*** Opening Record set ***

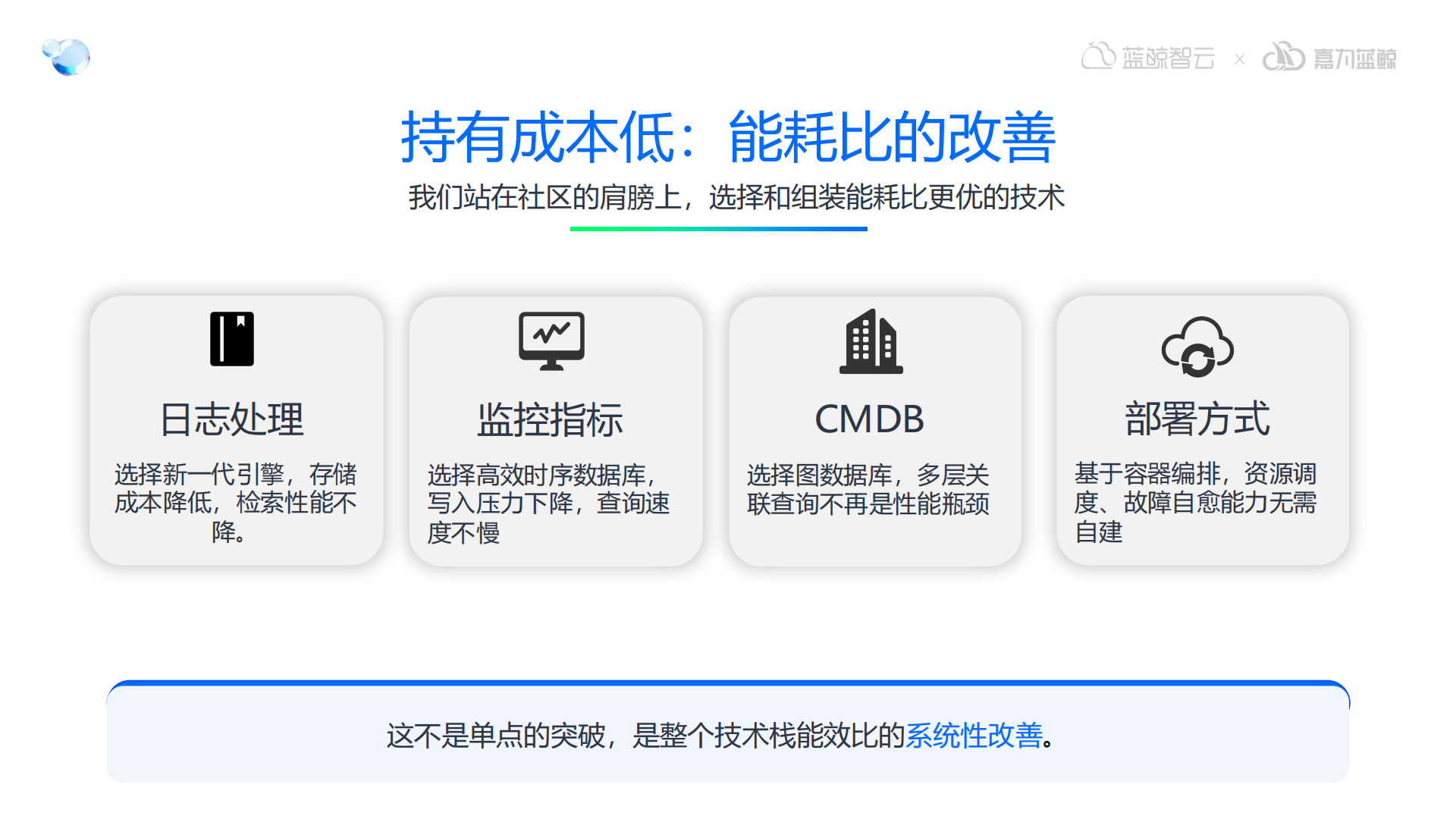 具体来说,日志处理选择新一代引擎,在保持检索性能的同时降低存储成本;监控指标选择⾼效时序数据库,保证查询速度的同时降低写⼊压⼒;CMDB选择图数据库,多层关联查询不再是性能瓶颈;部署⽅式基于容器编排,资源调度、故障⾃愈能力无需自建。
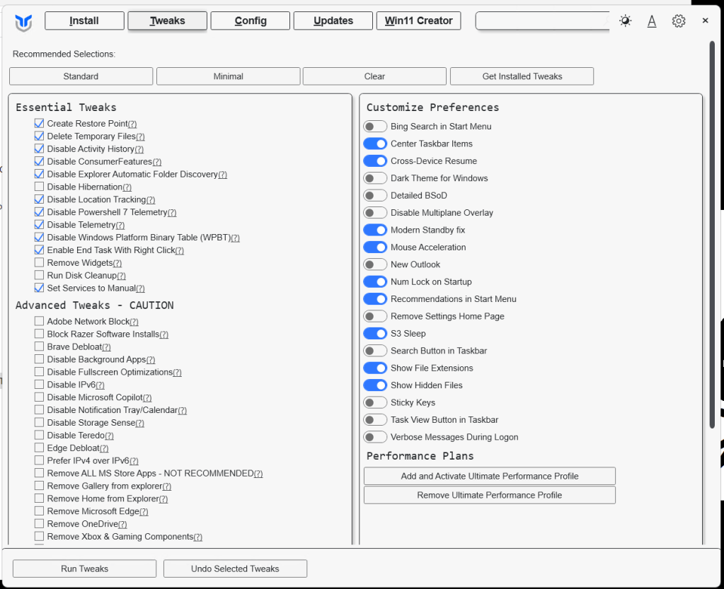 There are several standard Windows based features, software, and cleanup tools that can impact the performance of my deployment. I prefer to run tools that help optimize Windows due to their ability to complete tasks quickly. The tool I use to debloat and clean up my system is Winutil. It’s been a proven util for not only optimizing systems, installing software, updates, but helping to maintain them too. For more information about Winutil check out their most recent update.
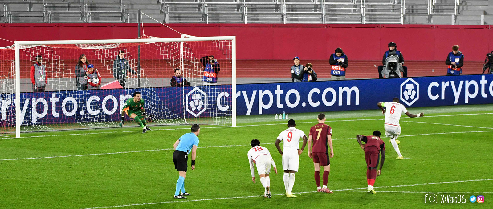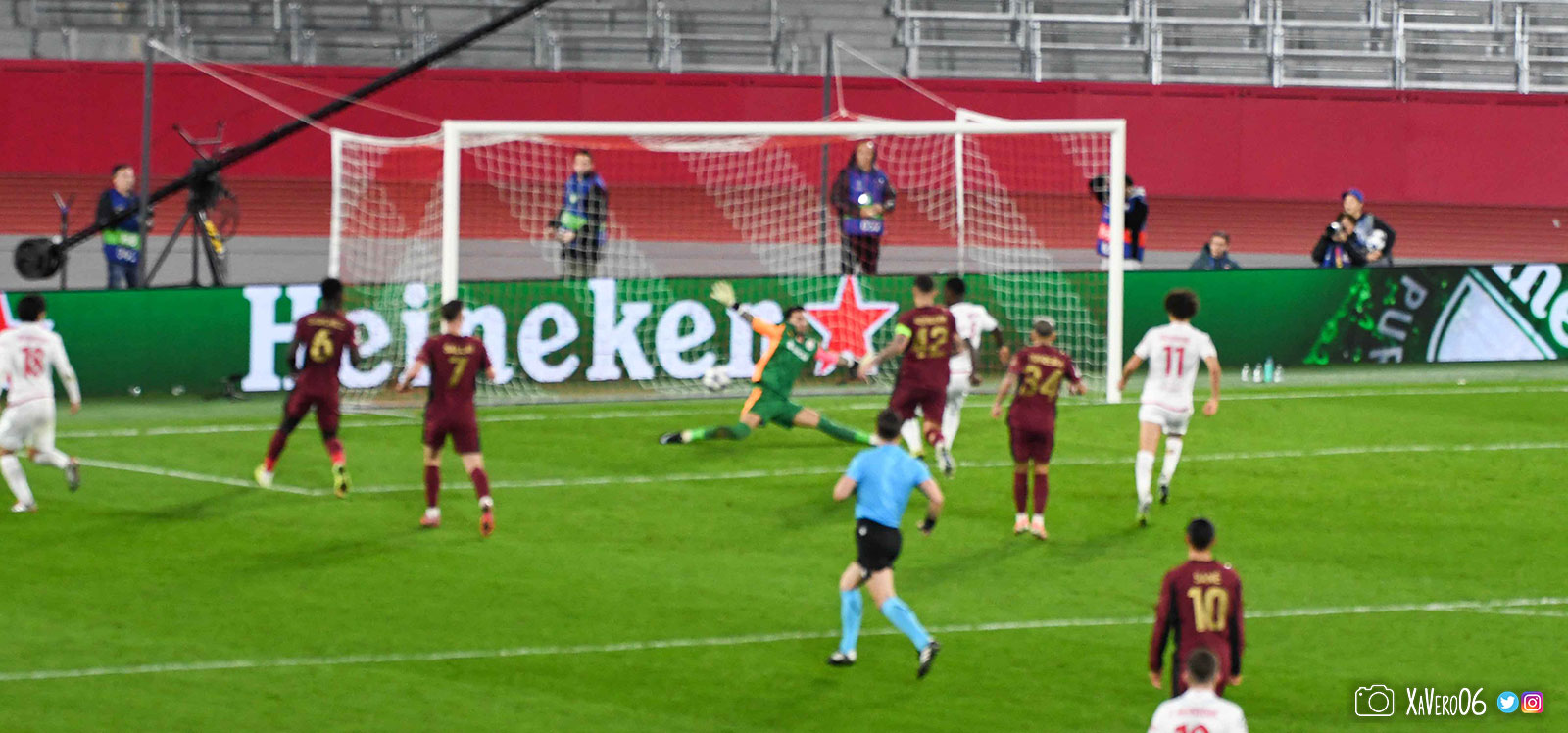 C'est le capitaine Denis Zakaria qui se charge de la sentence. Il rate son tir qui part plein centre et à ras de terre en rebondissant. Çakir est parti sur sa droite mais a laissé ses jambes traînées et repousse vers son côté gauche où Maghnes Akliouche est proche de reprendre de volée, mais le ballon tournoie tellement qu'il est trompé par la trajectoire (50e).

*** Closing Record set ***
*** Opening Record set ***

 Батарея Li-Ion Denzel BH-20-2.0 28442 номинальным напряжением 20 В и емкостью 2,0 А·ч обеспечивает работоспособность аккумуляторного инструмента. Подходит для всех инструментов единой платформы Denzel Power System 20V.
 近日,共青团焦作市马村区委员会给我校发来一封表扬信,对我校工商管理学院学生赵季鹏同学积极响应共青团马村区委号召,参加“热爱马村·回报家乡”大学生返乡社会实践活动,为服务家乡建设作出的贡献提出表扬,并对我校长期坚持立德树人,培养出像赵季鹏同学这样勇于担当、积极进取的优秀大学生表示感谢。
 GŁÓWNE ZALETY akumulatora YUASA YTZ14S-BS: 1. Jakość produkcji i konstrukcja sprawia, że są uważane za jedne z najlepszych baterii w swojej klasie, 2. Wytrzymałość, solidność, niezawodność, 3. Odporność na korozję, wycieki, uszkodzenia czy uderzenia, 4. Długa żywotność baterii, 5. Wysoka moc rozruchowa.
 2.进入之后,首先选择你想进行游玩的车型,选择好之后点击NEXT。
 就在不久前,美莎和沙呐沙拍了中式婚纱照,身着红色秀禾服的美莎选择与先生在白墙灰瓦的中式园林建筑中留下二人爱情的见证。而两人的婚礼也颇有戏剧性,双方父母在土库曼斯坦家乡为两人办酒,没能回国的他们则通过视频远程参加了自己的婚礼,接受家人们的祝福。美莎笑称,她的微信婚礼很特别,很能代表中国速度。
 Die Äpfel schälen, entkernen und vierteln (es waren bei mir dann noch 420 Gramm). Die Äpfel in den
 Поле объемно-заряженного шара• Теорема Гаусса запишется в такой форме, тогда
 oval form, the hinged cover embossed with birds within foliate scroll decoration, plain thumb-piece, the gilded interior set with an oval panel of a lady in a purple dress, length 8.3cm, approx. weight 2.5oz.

*** Closing Record set ***

Exercise details> Using the material above, transcribe exactly the lines from the line with "Поле объемно-заряженного шара•" to the line with "oval form, the"; both count, and nothing else goes in.

Response to this exercise>
 Поле объемно-заряженного шара• Теорема Гаусса запишется в такой форме, тогда
 oval form, the hinged cover embossed with birds within foliate scroll decoration, plain thumb-piece, the gilded interior set with an oval panel of a lady in a purple dress, length 8.3cm, approx. weight 2.5oz.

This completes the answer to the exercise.